Nothing can stop 15-year old Peyton Richardson from dancing—not even cancer.
Over two years ago, Peyton began to feel inexplicably exhausted by the slightest movements in ballet class. Although she was a busy and ambitious seventh grader, involved in dance, cheerleading, and staying on top of homework, this kind of tired wasn’t quite adding up. “Peyton was so exhausted that she couldn’t get up on her pointe shoes,” says her mother, Carrie. “In that moment, I knew something was seriously wrong.” It was at the Texas Children’s Hospital in Houston that the Richardsons learned that Peyton had acute lymphocytic leukemia, the most common childhood cancer. The next day, she began chemotherapy. For the next 844 days, she endured rigorous treatment and severe side effects, including seizures, which sometimes resulted in her inability to walk or talk.

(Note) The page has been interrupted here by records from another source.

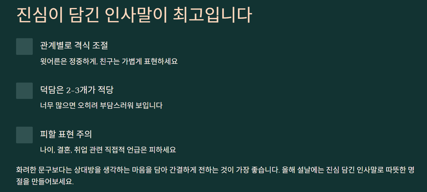 💡설날 인사말 좋은글? → 상대와 관계에 따라 격식을 조절하고, 건강·행복 등 진심 담긴 덕담을 2-3개 자연스럽게 넣으면 됩니다.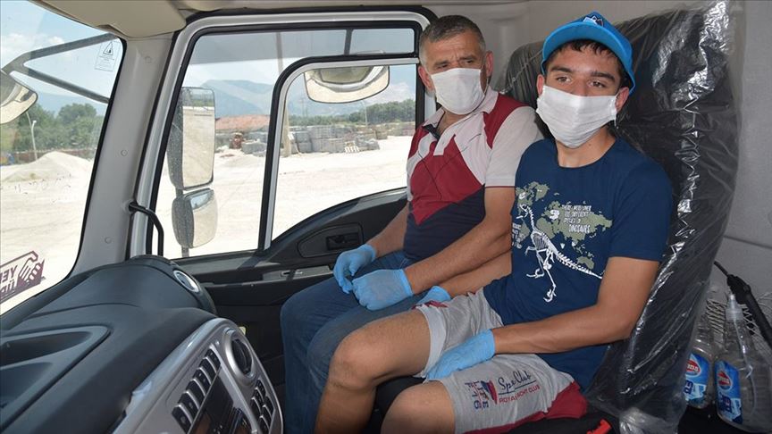 Belediye ekipleri, Burak ve babasını evinden alarak belediye şantiyesinde çöp kamyonuna bindirerek gezdirdi.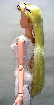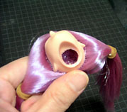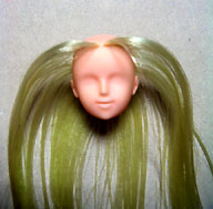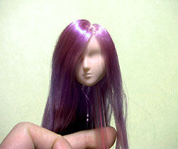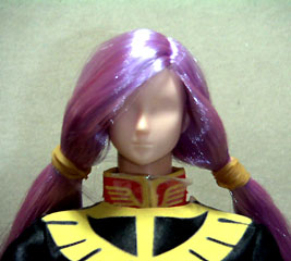 ゲリン少尉に続いて、お次はガルマ様のヘッドといきましょう! 少尉ヘッドと同じくショップ探索の結果、ガルマ様用ヘッドとして選んだのは『オビツ02番ヘッド』です。 オビツの02番というのはもともと女性素体用のヘッドなのですが、市販されている男性素体用のヘッドというのはリアル系(G.Iジョーみたいな)か、美形チックな物でも頭の形がどうも面長に作られています。 で、ガルマ様の頭特有の『丸いシェイプ』&『キリリとした顔立ち』に最も近いものを探したら、コレになってしまいました。 しかもラッキーなことに、オビツ02番には『パープルヘアー植毛済み』のヘッドが売られているのです!(喜) というわけでお買い上げしてきたのですが・・・ このヘッドにはラッキーばかりでなく問題が2つほどあります。 まず最大の問題は、このままではオビツの男性素体の首にくっつかない、、、ということです。 はい、ジョイント径も形状もまるで違うのです。(泣) これは後でなんとか改造してみるしかありません。(できるかな?) つぎに、オビツの植毛済みヘッドは全て『センターパート(真ん中分け)』で植毛されているのですが、ご存じのとおり、ガルマ様ヘアーは『左サイドパート』なんですな、これが。 したがって、ちょっと手を加えなければならない状況です。 この写真は、真ん中分けに植毛されたヘアーを櫛(くし)で無理やり横分けにしてみたところです。 サイドパート用の植毛がなされてないので、分け目の部分の『地肌』が丸見え状態です・・・(^^;) これではカッコ悪いので、地肌を隠して新たな分け目をつくるための植毛をしなくてはなりません。 植毛用に使用するヘアーとして、同じパープルの『ノアドロームの9番』ヘアーを買いました。 実はこの9番ヘアーなんですが、オビツヘッドにもともと植毛されているヘアーと同じパープルでも微妙に色が違います。 ノアドの薄紫はオビツのパープルよりちょっとだけ青っぽくて鮮やかな感じかな? ぱっと見ただけでは解らないのですが、よぉ〜く比べてみるとわかります。 (私はこのノアドの薄紫色のほうがスキです♪) でも、オビツでは植毛用のヘアーのみを売っていないという事情もあり、 分け目用の植毛にいい方の色を使用するので(分け目部分のヘアーがヘアー全体を覆うようになるから)いいかな? ということで、多少色味は違ってもノアド9番での植毛に踏切ることとなりました。 (ヘアーの微妙な色の違い・・・わかるかな? わからないですよね・・・(^^;) (これもゲリン少尉の時と同様、『植えっぱなし』なので髪の根元がおもいっきし立ってます。(笑) さてさて、 こうして2体とも植毛が済んだところで・・・ 次回はヘアスタイルを作っていくことにします♪ |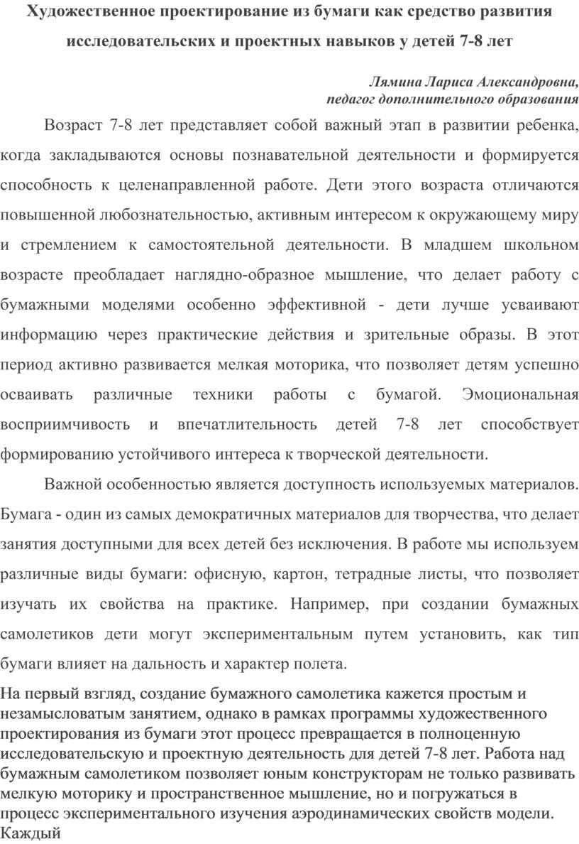 Художественное проектирование из бумаги как средство развития исследовательских и проектных навыков у детей 7-8 лет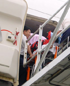 圖文:劉海若在SOS幫助下抵京 順利入住宣武醫(yī)院 2002年06月08日 18:58 ![]() 升降臺(tái)上的擔(dān)架把劉海若從機(jī)艙內(nèi)接出 中新網(wǎng)香港6月8日消息:在倫敦火車(chē)出軌事故中受傷昏迷的鳳凰衛(wèi)視女主播劉海若,在國(guó)際SOS救援中心的幫助下經(jīng)過(guò)長(zhǎng)途飛行,于今天下午抵達(dá)北京,順利入住北京市宣武醫(yī)院接受繼續(xù)治療。 根據(jù)鳳凰衛(wèi)視的消息,依然昏迷不醒的劉海若在姐姐、姐夫和SOS醫(yī)護(hù)人員的陪同下,乘坐中國(guó)國(guó)航波音747飛機(jī)于北京時(shí)間2點(diǎn)25分左右抵達(dá)北京首都機(jī)場(chǎng),2點(diǎn)45分被醫(yī)護(hù)人員用擔(dān)架抬出機(jī)艙,隨后即由救護(hù)車(chē)直接送往北京宣武醫(yī)院。 擔(dān)架上的劉海若還掛著點(diǎn)滴,她的全身被藍(lán)色毛毯緊緊裹住,頭部和胸部也被一個(gè)北京醫(yī)護(hù)方面事先準(zhǔn)備好的粉紅色大紗罩罩住。由于北京市宣武醫(yī)院準(zhǔn)備充分,劉海若的擔(dān)架一被抬下救護(hù)車(chē)就立即被送往住院部4層的神經(jīng)外科病房。 鳳凰衛(wèi)視董事局主席、行政總裁劉長(zhǎng)樂(lè)和在北京工作的鳳凰同仁今天很早就趕到了機(jī)場(chǎng)等候劉海若的飛機(jī),并一路陪同劉海若抵達(dá)宣武醫(yī)院。 北京宣武醫(yī)院治療腦神經(jīng)有豐富的經(jīng)驗(yàn),該院的專家凌鋒醫(yī)生曾于5月份專程前往倫敦探診劉海若,熟悉劉海若的傷勢(shì)病情,劉海若轉(zhuǎn)往該醫(yī)院繼續(xù)治療可以保持治療的連貫性。 相關(guān)報(bào)道:劉海若乘國(guó)航班機(jī)抵京 到宣武醫(yī)院接受進(jìn)一步治療 相關(guān)報(bào)道:劉海若將于明天下午飛抵北京 宣武醫(yī)院準(zhǔn)備就緒 相關(guān)報(bào)道:劉海若仍昏迷不醒 家屬?zèng)Q定7日啟程赴北京治療 相關(guān)報(bào)道:家人證實(shí)劉海若將送京治療 凌鋒醫(yī)生將再赴倫敦

Peyton, who had been an avid dancer for over half of her life, was concerned she might never be able to step foot in a studio again. After her two week hospital stay, Peyton was permitted to attend the outpatient center for her treatments. “At my first outpatient visit, my doctor asked if I had any questions and I said, ‘When can I dance again?’” Peyton recalled to Upworthy.
Her enthusiasm was so strong that, just two months into her treatment, Peyton was dancing again.
“It’s really important for any kid with cancer to go on and do something from their life before cancer,” Peyton’s oncologist, Dr. ZoAnn Dreyer, said to ABC News. “I wanted [Peyton] to get back out there and dance, because I knew that would give her the drive and confidence to get through her treatment, and that’s what it’s all about really.”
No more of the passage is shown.